• _Information_:
===============
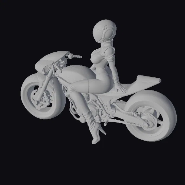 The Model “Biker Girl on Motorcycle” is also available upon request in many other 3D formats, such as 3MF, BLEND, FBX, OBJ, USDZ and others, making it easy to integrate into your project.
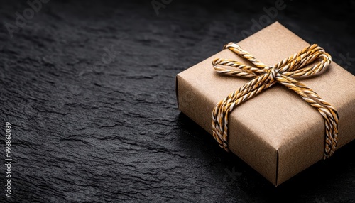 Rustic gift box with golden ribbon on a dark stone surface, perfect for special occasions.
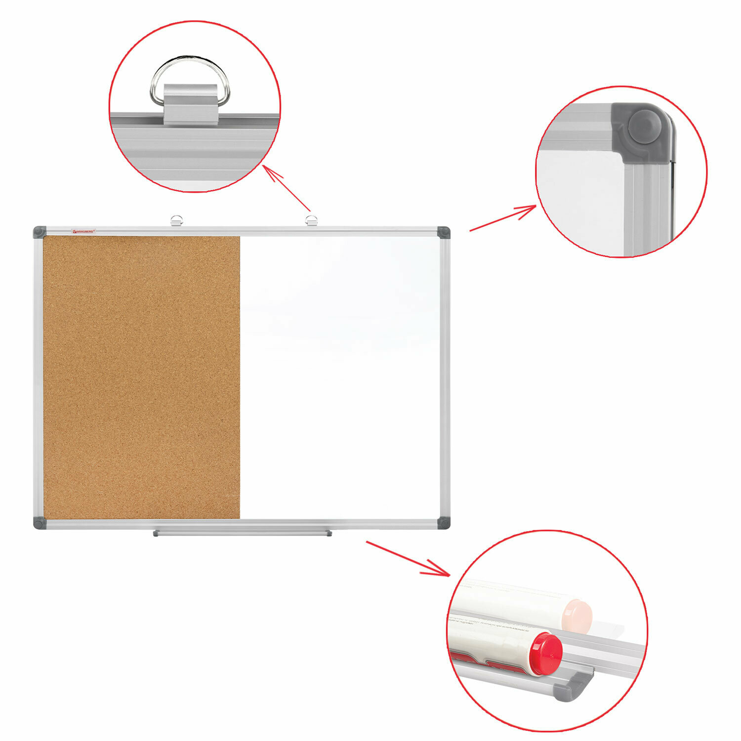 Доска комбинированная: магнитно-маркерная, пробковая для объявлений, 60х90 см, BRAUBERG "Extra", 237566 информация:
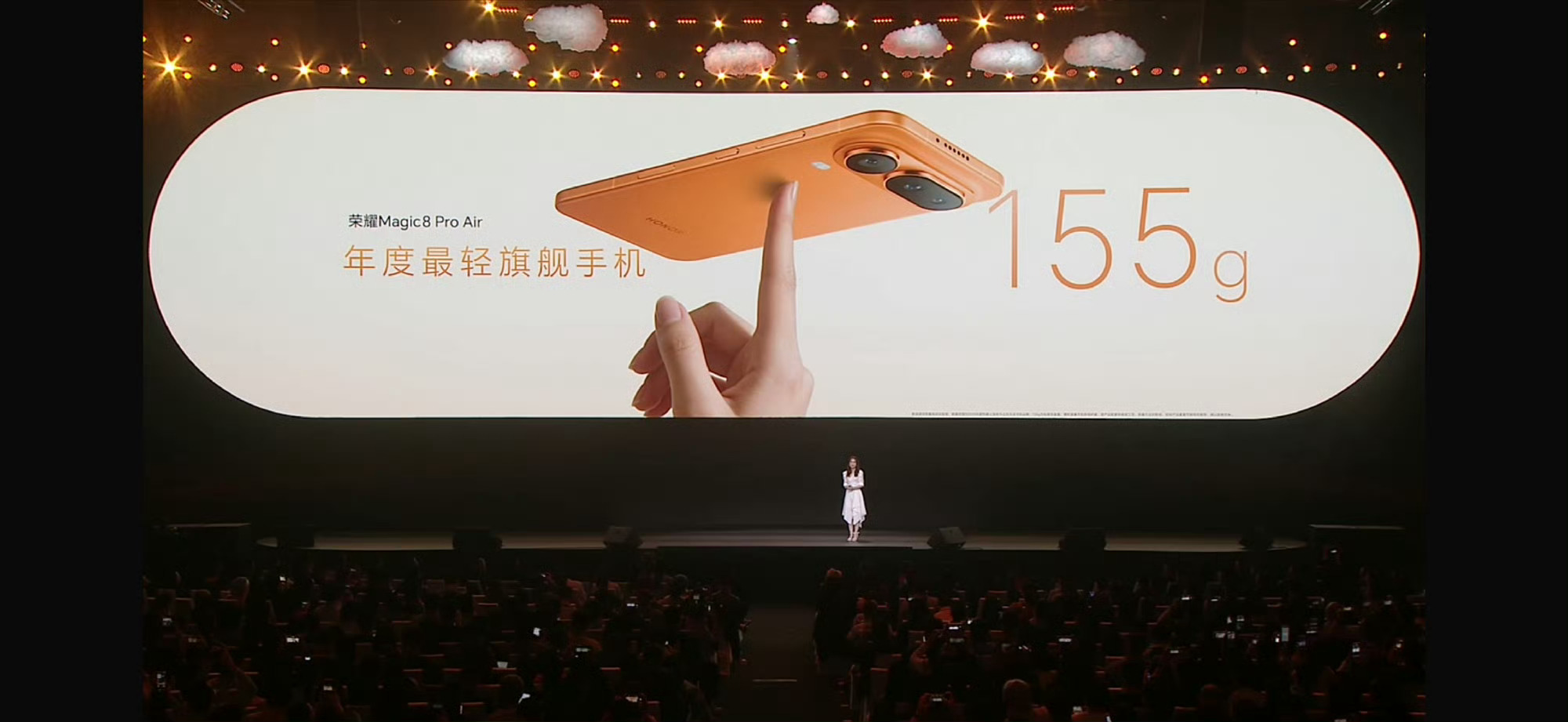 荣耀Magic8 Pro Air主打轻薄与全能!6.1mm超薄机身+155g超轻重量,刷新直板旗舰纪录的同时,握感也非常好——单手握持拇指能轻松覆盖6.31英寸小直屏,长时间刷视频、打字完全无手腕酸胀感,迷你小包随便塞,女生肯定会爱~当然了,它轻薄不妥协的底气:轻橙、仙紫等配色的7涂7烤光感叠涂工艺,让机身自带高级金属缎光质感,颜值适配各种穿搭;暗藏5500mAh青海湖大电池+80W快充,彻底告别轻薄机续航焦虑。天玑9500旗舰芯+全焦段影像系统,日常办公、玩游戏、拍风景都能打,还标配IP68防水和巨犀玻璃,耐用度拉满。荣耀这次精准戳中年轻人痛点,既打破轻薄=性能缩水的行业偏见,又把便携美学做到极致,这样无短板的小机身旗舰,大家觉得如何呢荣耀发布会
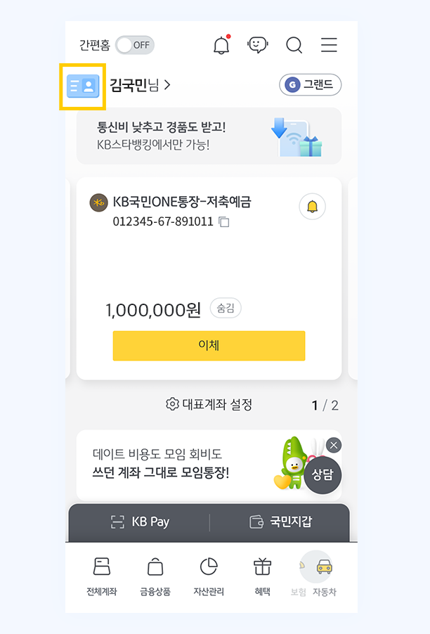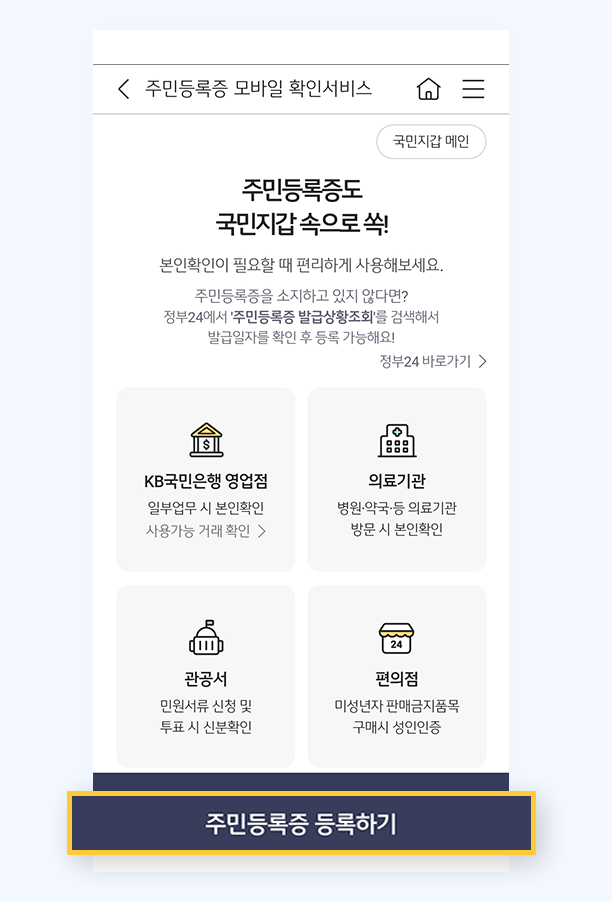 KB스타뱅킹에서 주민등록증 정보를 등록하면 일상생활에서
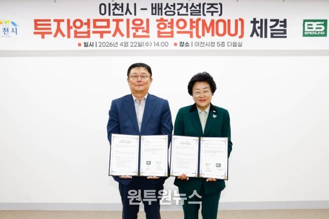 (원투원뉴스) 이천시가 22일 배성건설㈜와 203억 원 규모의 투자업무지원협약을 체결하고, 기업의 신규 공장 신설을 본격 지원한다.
===============
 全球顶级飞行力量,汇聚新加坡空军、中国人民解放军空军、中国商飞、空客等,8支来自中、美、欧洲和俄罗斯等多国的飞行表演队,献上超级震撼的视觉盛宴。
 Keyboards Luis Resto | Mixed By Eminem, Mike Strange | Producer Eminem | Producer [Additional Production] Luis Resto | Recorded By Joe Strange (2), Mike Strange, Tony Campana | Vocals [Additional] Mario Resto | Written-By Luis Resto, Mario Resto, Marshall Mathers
===============
• _Task to carry out_:
Copy word for word the lines of the records above from the one with "Rustic gift box" up to and including the one with "(원투원뉴스) 이천시가 22일". Skip the pictures.

• _Reply to the exercise_:
 Rustic gift box with golden ribbon on a dark stone surface, perfect for special occasions.
 Доска комбинированная: магнитно-маркерная, пробковая для объявлений, 60х90 см, BRAUBERG "Extra", 237566 информация:
 荣耀Magic8 Pro Air主打轻薄与全能!6.1mm超薄机身+155g超轻重量,刷新直板旗舰纪录的同时,握感也非常好——单手握持拇指能轻松覆盖6.31英寸小直屏,长时间刷视频、打字完全无手腕酸胀感,迷你小包随便塞,女生肯定会爱~当然了,它轻薄不妥协的底气:轻橙、仙紫等配色的7涂7烤光感叠涂工艺,让机身自带高级金属缎光质感,颜值适配各种穿搭;暗藏5500mAh青海湖大电池+80W快充,彻底告别轻薄机续航焦虑。天玑9500旗舰芯+全焦段影像系统,日常办公、玩游戏、拍风景都能打,还标配IP68防水和巨犀玻璃,耐用度拉满。荣耀这次精准戳中年轻人痛点,既打破轻薄=性能缩水的行业偏见,又把便携美学做到极致,这样无短板的小机身旗舰,大家觉得如何呢荣耀发布会
 KB스타뱅킹에서 주민등록증 정보를 등록하면 일상생활에서
 (원투원뉴스) 이천시가 22일 배성건설㈜와 203억 원 규모의 투자업무지원협약을 체결하고, 기업의 신규 공장 신설을 본격 지원한다.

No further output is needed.